Question

In a Fraunhofer's diffraction by a slit, if slit width is a, wavelength $\lambda$, focal length of lens is f, linear width of central maxima is :

• A. $\frac{f\lambda}{a}$
• B. $\frac{fa}{\lambda}$
• C. $\frac{2f\lambda}{a}$
• D. $\frac{f\lambda}{2a}$

Answer 1

Answer: (C)

(3) $\frac{2f\lambda}{a}$

Answer 2

The linear width of the central maximum in a Fraunhofer diffraction pattern by a single slit is determined by the angular spread of the central maximum and the focal length of the lens used to observe the pattern.

1. Condition for the first minimum: In single-slit diffraction, the condition for the first minimum (on either side of the central maximum) is given by: $a \sin \theta = \lambda$ where $a$ is the slit width, $\lambda$ is the wavelength of light, and $\theta$ is the angle of diffraction.

2. Small angle approximation: For Fraunhofer diffraction, the angles are typically small. Therefore, we can use the approximation $\sin \theta \approx \theta$ (when $\theta$ is in radians). So, $a \theta = \lambda$ This gives the angular position of the first minimum from the center: $\theta = \frac{\lambda}{a}$

3. Angular width of the central maximum: The central maximum extends from the first minimum on one side to the first minimum on the other side. Therefore, the total angular width of the central maximum is $2\theta$. Angular width $= 2\theta = \frac{2\lambda}{a}$

4. Linear width of the central maximum: When the diffraction pattern is observed on a screen placed at the focal plane of a lens with focal length $f$, the linear width ($W$) of the central maximum is given by: $W = f \times (\text{angular width})$ $W = f \times \frac{2\lambda}{a}$ $W = \frac{2f\lambda}{a}$

Comparing this with the given options, option (3) matches our derived formula.

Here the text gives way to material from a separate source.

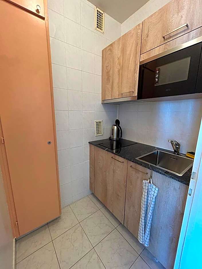 The studio has a double bed, private bathroom, TV and fully-equipped kitchenette.

The final answer is $\boxed{\text{(3)}}$

Explanation of the solution:

The angular position of the first minimum in single-slit diffraction is $\theta = \frac{\lambda}{a}$. The central maximum spans from $-\theta$ to $+\theta$, so its angular width is $2\theta = \frac{2\lambda}{a}$. The linear width on a screen at focal length $f$ is $W = f \times (2\theta) = \frac{2f\lambda}{a}$.